Theoden
Bağımsız Gazeteci Belinda-1
Ragnossa, Nyu ve Behmura satın aldıkları
erzakları gemiye yerleştirmek için ayrılmışlar, diğer tugay üyeleriyse
ellerinde kalan bolca parayla bölgeye has yemekleri tatmak adına methedilen bir
lokantaya girmişlerdi. Ellerindeki menüyü incelerken dahi bazılarının
ağızlarının suyu akmış, yeterince incelediklerine karar veren garson tekrardan
yanlarına gelmişti.
“ Ne alacağınıza karar verdiniz mi efendim?
“ Buranın neyi ünlüyse ondan istiyoruz ama
göründüğümüzden daha aç olduğumuzdan hepimize normalde verdiğinizin 2 katı
getir. Şu gördüğün bücürüğe ise beş katını ve burada olmayan üç arkadaşımız
için de hazırlamayı unutma hınh hınh “
“ O zaman hepinize dana dili getiriyorum. “
“ Tam… “
Turgan onaylayamadan bir kadın sesi
konuşmasını kesecekti.
“ Geçen haftaki festivalden bolca kalan atık
şeyleri bitirmek istediklerini söylemediler, bu bölgenin en meşhur yemeğini
istediler yani onlara gül çorbası, siyah et ve püre balığı getir. “
Garson bozuntuya vermemiş, yüzüne tuhaf tuhaf
bakan müşterilere gülümsemeye çalışarak ayrılmıştı.
Turgan “ Sen pazardaki kadın değil misin?
Garson neden bize güzel olmayan yemek versin ki sonuçta güzel olan daha
pahalıdır değil mi? “
“ Bura dünyanın merkezine oldukça uzak
olduğundan pek yabancı gelmez ve yerel halk kendi tuttukları balıkları
tüketiyorlarken bu adamların çok para kazanabildiklerini sanmıyorum ama kısa
süre içinde atmak zorunda kalacakları malzemelerden yapacakları yemekleri sizin
gibi elinde bir tomar parayla gezen aptal görünümlü insanlara satabilselerdi bu
onlar için beklenmedik bir gelir olurdu değil mi? “
Elfy “ Yine de bahsettiği yemeği
yiyebilirim.
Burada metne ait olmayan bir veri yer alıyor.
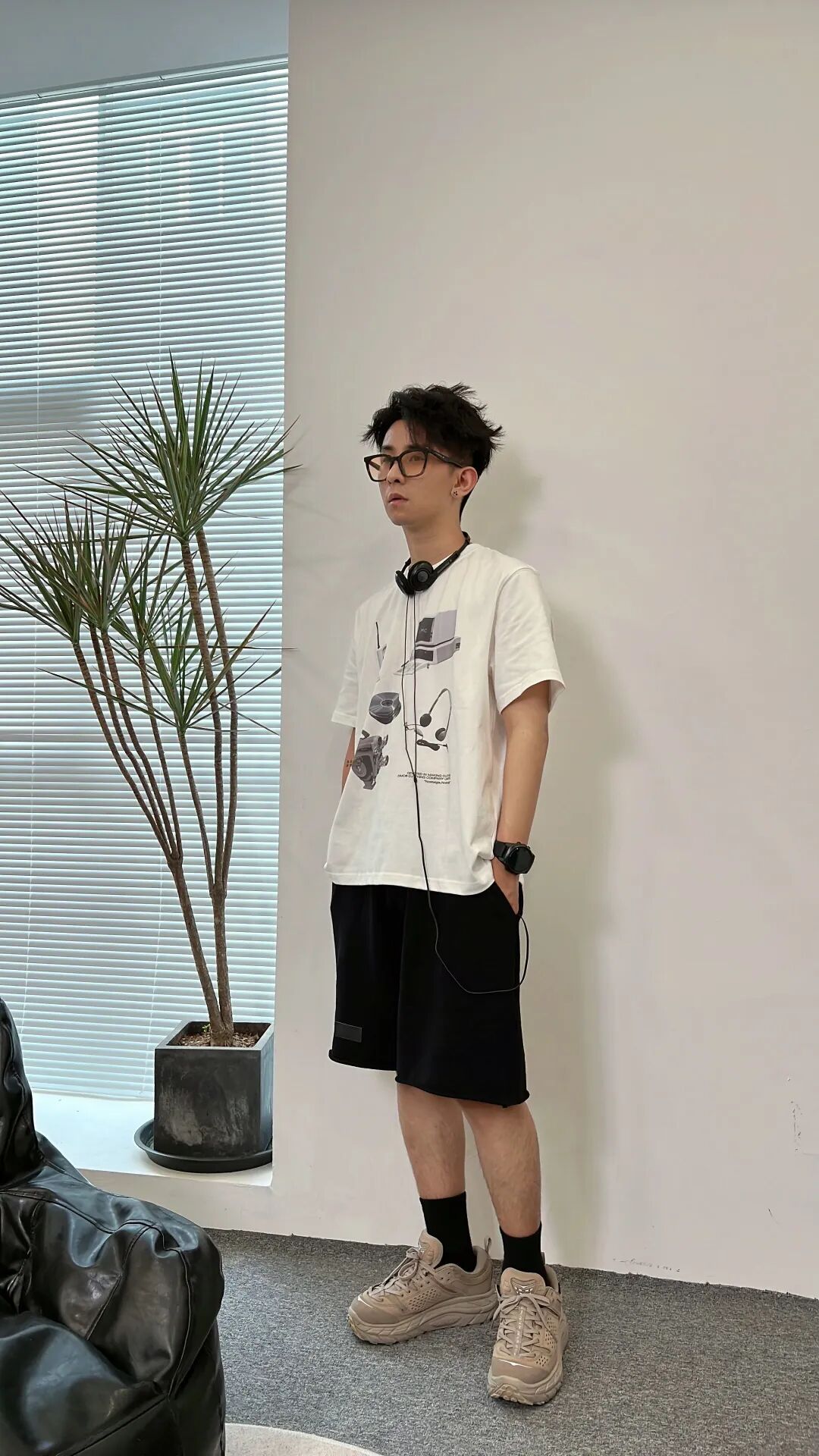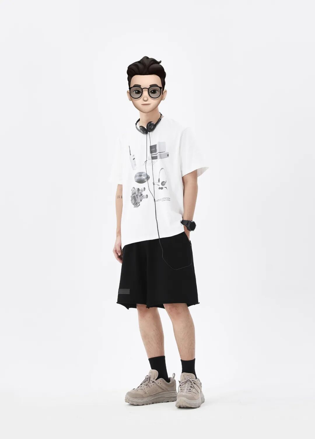 上身一件白色复古小物件印花半袖短T,搭配一条偏韩版的黑色基础款皮牌短裤,上脚黑色袜子作为过渡,最后脚踩一双灰色的Hoka户外徒步鞋。
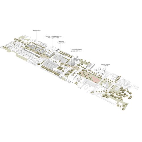 Ma réflexion pour ce diplôme est de penser les deux défis auxquels la ville est confrontée - à savoir le renouvellement du quartier prioritaire de la ville et l'accueil d'une nouvelle population aisée - de façon coordonnée. L'étalement urbain, la mixité sociale ou encore le devenir des grands ensembles, dont la démolition est parfois présentée comme inéluctable, sont questionnés dans ce diplôme. Est particulièrement étudié le renouvellement de l'attractivité résidentielle du plateau de Surville par la création d'un espace public planté de qualité, dans la continuité du projet dessiné par les architectes du grand ensemble.
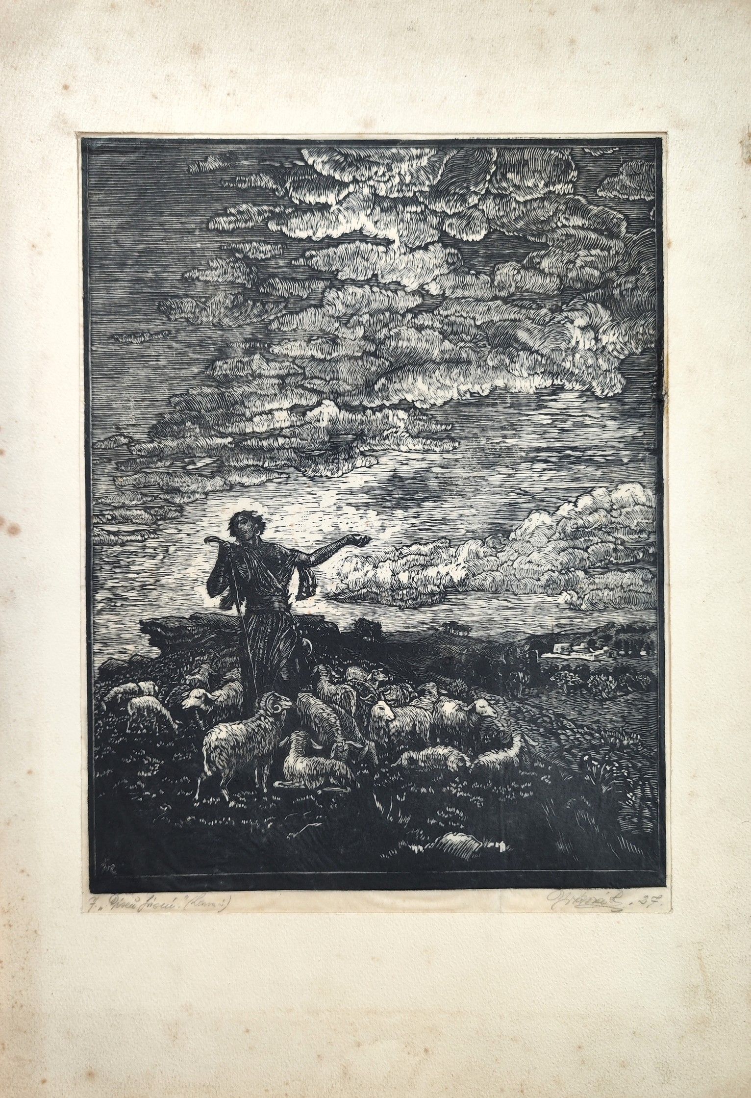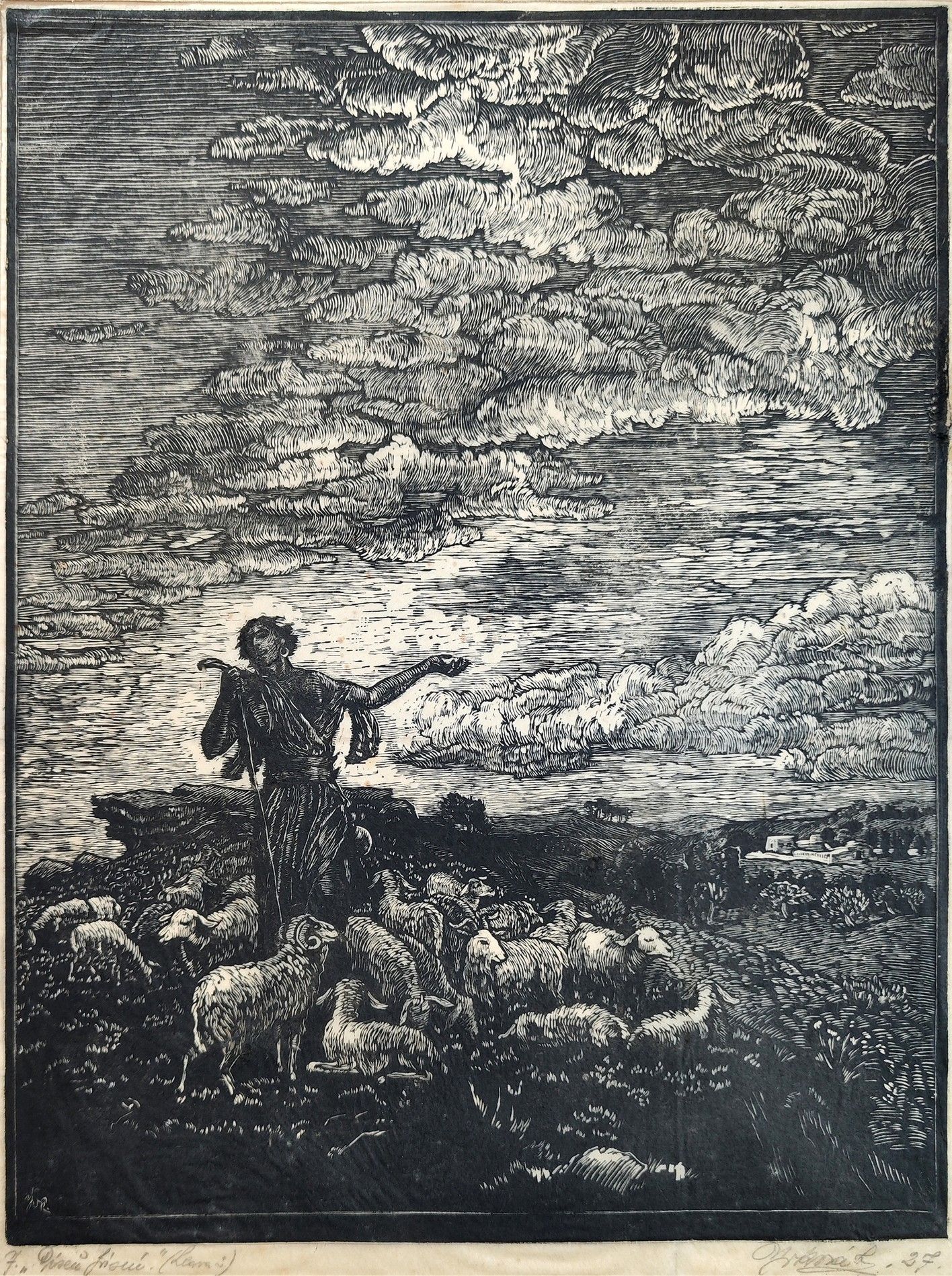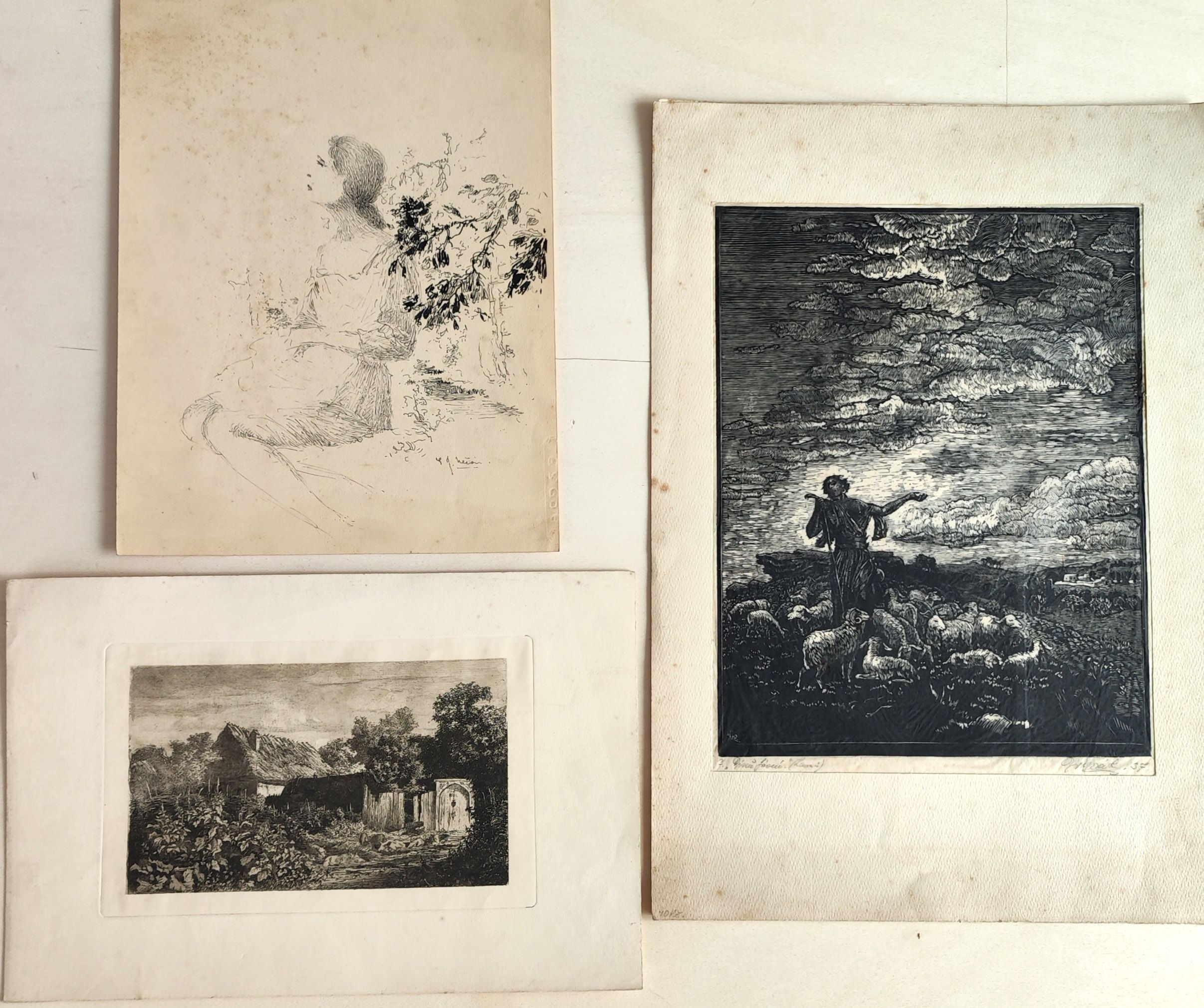 POPIS: 2x lept , 1x perokresba, rozměry: Pastýř, lept na japanu: 30 x 23 cm,, Statek: 12 x 20 cm, Dívka: 31 x 23,5 cm, volné listy

Sonuçta etleri atsalardı yazık olurdu. Cidden aptal gibi mi
görünüyoruz? “
“ Kesinlikle öyle görünüyorsunuz. Bu adanın
pek tehlikeli bir yer olduğunu söyleyemem ama bu haldeyken birkaç adım dahi atamadan
öldürüleceğiniz yerlerde bulundum. Elinizdeki meblağ için kendi ailesini
katledecek insanlar var. “
Turgan “ O zaman bu kağıtları benim dışımda
kalanlara vermeliyiz. “
Ducia “ O da nereden çıktı? “
Turgan “ Bu gazeteci ablanın söylediğine
göre bu kağıtlar benim Şahlorandan aldığım ejdemla yetilerine benziyor.
Kötüleri doğrudan fark edebiliyorsun ve bu iyi bir şey. “
Ducia “ Turgan dudakların mı uyuştu? “
Turgan “ Yok ama açık açık söylemem doğru
olmadığından şifreli söyledim, sadece sizin anlayacağınız şekilde hınh hınh.
Bunun için kusura bakma gazeteci abla ama öylece sana güvene… “
Gazeteci “ Ne yani şahmeran cidden var ve
sana ejderha yetileri mi verdi? “
Turgan o an şaşkınlıktan ölebilirdi zira
kusursuzca gizlemesine rağmen gazeteci kadın şıppadanak olayı anlamıştı.
“ Sen dahi falan mısın bu kadar ustaca
gizlenmiş kelimeleri anlamasana gazeteci abla. “
“ Anlamak için dahi olmaya gerek yok ama
anlamamak için biraz çaba sarf etmek gerekirdi ha ha. Her neyse hayatımda
duyduğum en saçma şey olduğundan umursamayacağım. Sonuçta İnsan başlı bir
yılanın gerçek olması mümkün olamaz. “
Ducia “ Aynen öyle. Arkadaşımın
hayalperestliği için kusura bakmayın. Masamıza oturmuş olsanızda tanışmadık.
Siz tam olarak kimsiniz, yemekler konusunda bilgili olduğunuza göre yerli
halktan olmalısınız. “
Gazeteci “ Adım Belinda, bağımsız bir
gazeteciyim ve aslına bakarsanız bu ülkeden değilim. Peki siz kimsiniz? Biriniz
kadim dili okuyabildiğine ve elinizde o kadar parayla gezdiğinize göre önemli
kimseler olsanız gerek. “
Ducia “ Aslında gayet sıradan ins.. “
Turgan “ Ne istediğini biliyorum Ducia ama
olmaz. Buraya kuytu köşelerde saklanmak için gelmedim. “
Turgan’ın kararlı sözleri Belinda’nın ilgisini
cezbetmişti ancak nedense duyacağı şeylerin ulu orta söylenmesini de istemiyordu.
Belinda “ Ben kimsenin maşası olmamış
bağımsız bir gazeteciyim. Bana güvenebilirsiniz ama öncelikle izin verirseniz
sizinle biraz zaman geçirip beni tanımaya çalışmanızı isteyeceğim. Eğer bu
güzel kız halen huzursuz olursa kim olduğunuzu hiç sormadığımı farz
edebilirsiniz. “
Ducia, Turgan’ın çok fazla şey anlatmasından
önce Belinda’nın yaptığı teklifle rahatlamış olsa da sözü yarım kalmış olan
Turgan kendisini korkakça davranmış hissediyordu. Bunun farkında olan Havan,
onun da gönlü kalmasın diye küçük bir giriş yapacaktı.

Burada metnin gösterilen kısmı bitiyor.